The Pankhurst campaign first wanted to move this existing statue to Parliament Square. But they found it was too small. So, they asked sculptor Angela Conner to make a new, larger statue of Pankhurst. There were talks about having two statues in the Square: one of Fawcett and one of Pankhurst.
However, the Fawcett campaign decided against having two statues. Caroline Criado Perez wanted a single statue for a new woman to be "front and centre." She worried that two statues might not be as noticeable. Westminster City Council decided to go with the Fawcett statue. They said a Pankhurst statue might be considered later.
The Pankhurst statue made for Parliament Square was then placed in Brompton Cemetery. This is where Emmeline Pankhurst is buried. There was also a campaign for a statue of former Prime Minister Margaret Thatcher in Parliament Square. But the Council said no. This was because of a rule that 10 years must pass after a person's death. Also, Thatcher's family did not like the design.
Statue Unveiled
The statue was officially revealed on April 24, 2018. The ceremony lasted an hour. The Prime Minister, the Mayor of London, schoolchildren, and choirs were all there. Three generations of women and girls unveiled the statue. These included Jennifer Loehnis (a descendant of Fawcett), Caroline Criado Perez, and two schoolgirls.

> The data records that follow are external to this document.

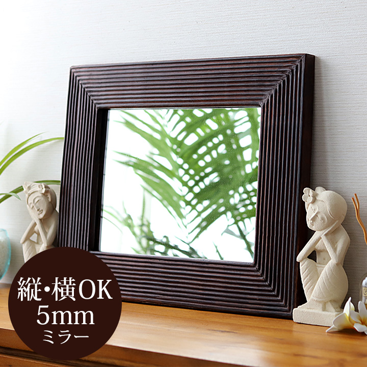こちらのミラーはバリで手に入る最高ランクのミラー(厚みが5mmのもの)を使っています。通常安価なミラーは3mmタイプですが、サイズが大きくなるとゆがみが生じることがあります。グレードが上がる分、お値段も少し上がりますが、5mmタイプの方がより正確に映る鏡であると言えます。
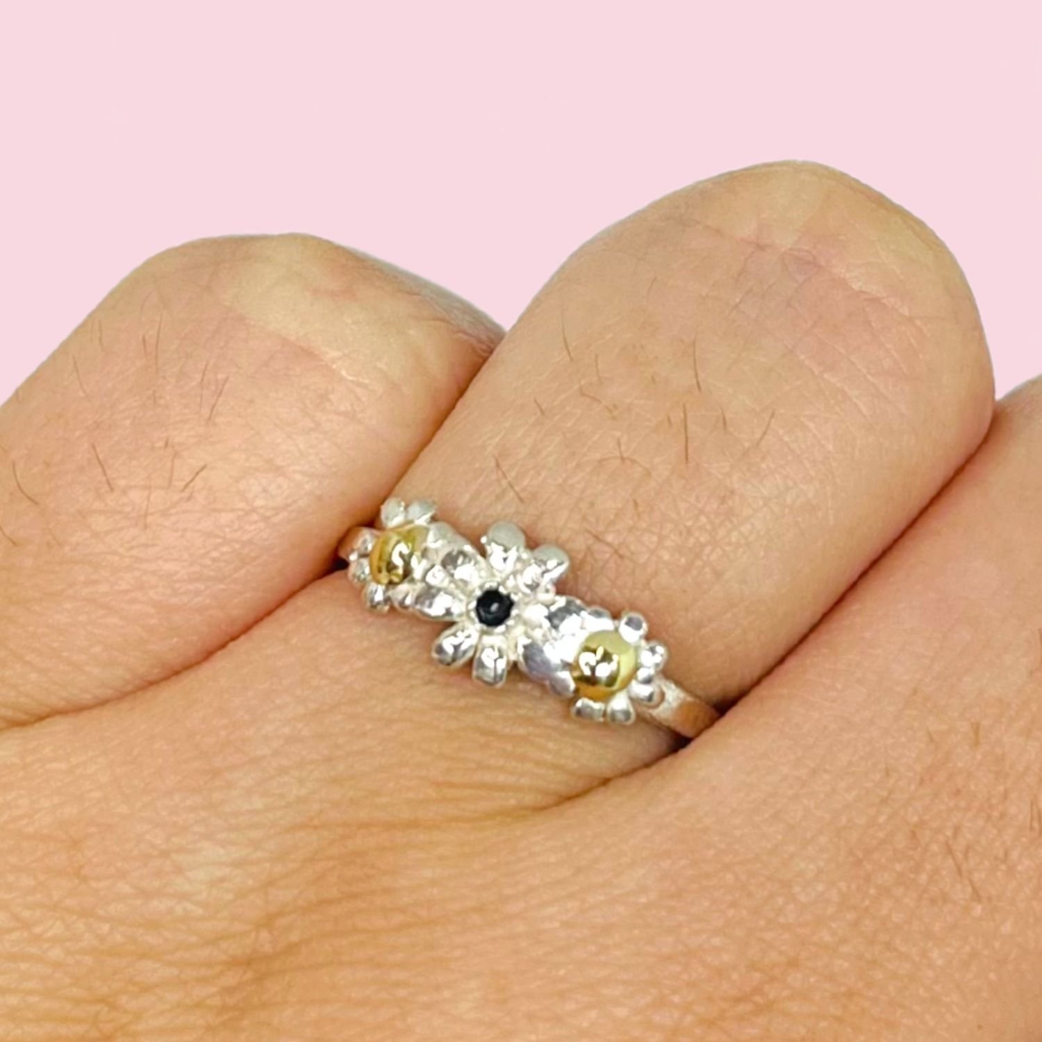 Anillo Margarita trio con cubic Negro Plata 925 y Oro
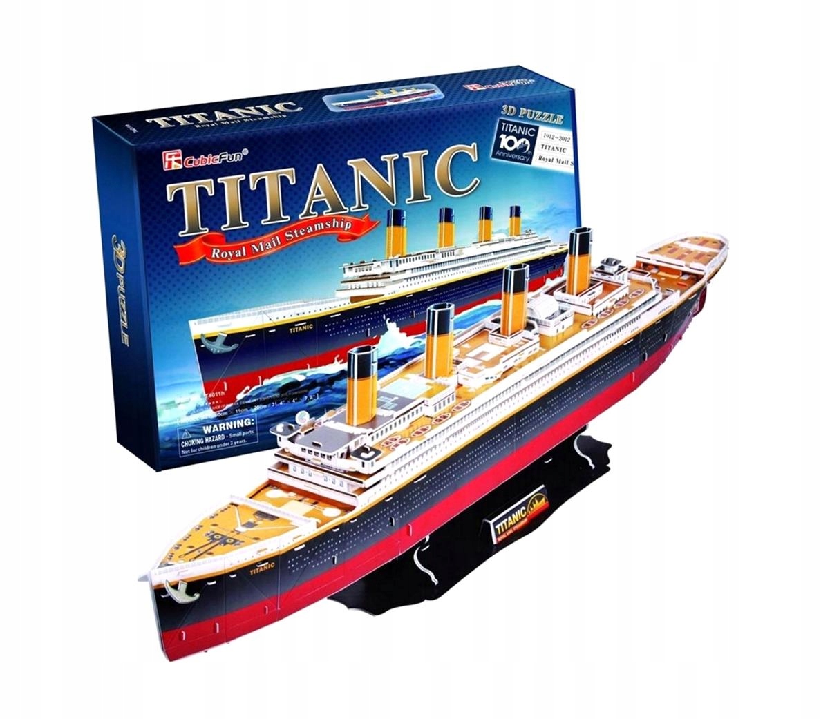 Титаник — это 3D-модель-головоломка. Корабль состоит из 113 элементов и в собранном виде имеет размеры 80 х 11 х 20 см. Для сборки не требуется клей, ножницы или другие специальные инструменты. Все пазлы пронумерованы и оценены, а способ их сборки показан в инструкции. После сборки пазлы имеют высокую образовательную ценность и отлично смотрятся в качестве дополнения.

At the event, Prime Minister May praised Fawcett's work. She said Fawcett not only helped women get the right to vote. She also made it possible for women like herself to become Members of Parliament.
Caroline Criado Perez said the statue's unveiling was "a hell of a start." She meant it was a great beginning for more women to be represented in Britain. Mayor Khan and other political leaders agreed. Some even suggested moving the male statues in Parliament Square temporarily. This would allow only female statues to be in this important spot for a time.